For all the momentum, many leaders we spoke with are still working out their agentic strategy. In conversations throughout the week, retailers described a persistent gap between what they see happening now and what they can confidently plan for next. We heard broad consensus that search and discovery have already shifted, but much less certainty about how the market will develop from here. Three themes stood out.
1. Agentic commerce is gaining traction, but retailers need a standard framework
Because agentic commerce is still early, brands are assessing where to start, who to partner with, how to structure their product data, and how that data should be syndicated across AI surfaces without an established playbook.

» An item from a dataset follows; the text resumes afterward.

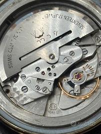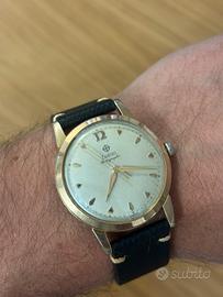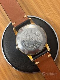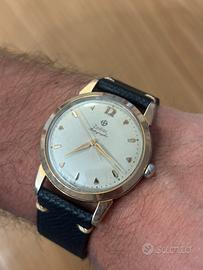 Affascinante Zodiac Rotographic automatico vintage, prodotto da Zodiac Ltd, Le Locle, Svizzera, presumibilmente tra la fine degli anni ’50 e i primi anni ’60. • Quadrante: Argenté originale con indici applicati misti (bastoncini e triangoli dorati) e lancette dorate affusolate. Il quadrante presenta una patina vintage uniforme e caratteristica dell’epoca. Unico indice numerico al 12. Firma Zodiac con logo a croce e dicitura “Rotographic” in corsivo. Scritta SWISS sul quadrante. • Cassa: 36mm (esclusa corona), gold filled, con fondello in acciaio inossidabile. Riferimento cassa 689. La cassa presenta segni d’uso coerenti con l’età, con qualche micro-graffio sulla superficie dorata. • Corona e cassa logata Zodiac. • Profilo: Molto sottile ed elegante, con lunette affusolate caratteristiche dello stile degli anni ’50-’60. • Fondello: Decorato con il caratteristico motivo a rilievo dei segni zodiacali e scritta “Zodiac Rotographic” con il logo. Numerazione seriale visibile. • Movimento: Automatico, AS 1361N, 17 rubini (Seventeen 17 Jewels), regolato svizzero (Adjusted Swiss). Movimento funzionante e in buone condizioni visive. • Cinturino: Nuovo aftermarket in pelle nera. 🕰️ La Storia di Zodiac Zodiac è uno dei marchi orologieri svizzeri più antichi e affascinanti, fondato nel 1882 a Le Locle, nel cuore della Valle dell’orologeria svizzera. Il nome “Zodiac” venne adottato ufficialmente nel 1908, e il celebre logo con la croce inscritta nel cerchio divenne presto uno dei simboli più riconoscibili del settore. Negli anni ‘50 e ‘60 Zodiac raggiunse l’apice della sua notorietà internazionale, distinguendosi per innovazioni tecniche di rilievo: fu tra i pionieri dell’orologio automatico a rotor, da cui derivò la linea “Rotographic” – nome che celebrava proprio la tecnologia del rotore automatico integrata nel design.

At the same time, the market is evolving at an unprecedented pace. In the three months since NRF, loyalty data has moved from a theoretical advantage to a live product. Sephora’s global chief digital officer described how the brand is now using loyalty data in its ChatGPT app to personalize recommendations and surface benefits like samples and free shipping.
Discovery is where the urgency feels most acute. In the Women in AI session with PwC, Klarna, Novi, and Stripe, Novi’s CEO argued that AI agents are a new storefront: if your brand is not discoverable there, it risks becoming invisible. In a keynote, OpenAI’s product partnerships lead for search and commerce said that more than half of searches on the platform are discovery-based, and 70% of those include constraints. That means shoppers aren’t just typing in keywords; they’re entering context-rich prompts around scenarios like planning a trip to Greece, organizing a Super Bowl party, or comparing appliances.

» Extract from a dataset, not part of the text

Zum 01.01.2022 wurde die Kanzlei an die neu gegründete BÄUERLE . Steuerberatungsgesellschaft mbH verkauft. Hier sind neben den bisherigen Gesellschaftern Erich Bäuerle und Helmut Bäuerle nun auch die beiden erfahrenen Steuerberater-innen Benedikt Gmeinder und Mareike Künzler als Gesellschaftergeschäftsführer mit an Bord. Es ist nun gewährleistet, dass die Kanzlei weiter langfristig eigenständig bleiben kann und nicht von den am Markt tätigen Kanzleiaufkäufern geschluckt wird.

For businesses, that raises the question of what a product needs to look like to be found by agents. In Tapestry’s session with Stripe, the company’s SVP of global digital product and omnichannel innovation emphasized the importance of direct product feeds, which give agents more structured, up-to-date product data than web crawling alone. Stripe’s Agentic Commerce Suite is helping leading retailers syndicate their product catalogs across supported agents—without requiring separate integrations.
Many retailers we talked to are taking a similar test-and-learn approach, running experiments to track how their products are being found, recommended, and purchased across AI surfaces.

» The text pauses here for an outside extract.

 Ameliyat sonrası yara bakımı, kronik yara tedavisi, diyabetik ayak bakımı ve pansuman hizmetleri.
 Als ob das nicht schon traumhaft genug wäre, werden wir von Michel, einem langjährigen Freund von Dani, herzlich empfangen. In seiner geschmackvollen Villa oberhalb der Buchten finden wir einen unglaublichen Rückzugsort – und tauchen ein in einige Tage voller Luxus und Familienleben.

2. Agents are extending beyond the chat window
Agentic commerce and its primitives are showing up across a widening set of surfaces, each with its own level of maturity and its own path from discovery to conversion. This shift is expanding into native checkout, customer service, and the behind-the-scenes systems that shape whether a customer can find, buy, and receive the right product smoothly.
Meta offered one example with a new Facebook checkout flow—built on the Agentic Commerce Protocol (ACP)—that takes shoppers from an ad click to product details, AI-generated review summaries, and the option to purchase without leaving the app. Though not every embedded checkout flow is agentic, it reflects a broader shift toward more embedded commerce.
In a session on the future of retail, Shoptalk’s head of content and insights predicted a new wave of consumer brands will be built natively on agentic infrastructure, helped by lower customer acquisition costs and less reliance on their own websites as the main entry point. AI startups exhibiting at Shoptalk covered every layer of the commerce stack, from catalog enrichment and discovery to post-purchase.
Agentic commerce will not be defined by one LLM or channel. As more category-specific apps are being built across fashion, beauty, home decor, and beyond, retailers are choosing whether to invest limited time and resources into first-party or third-party agentic experiences.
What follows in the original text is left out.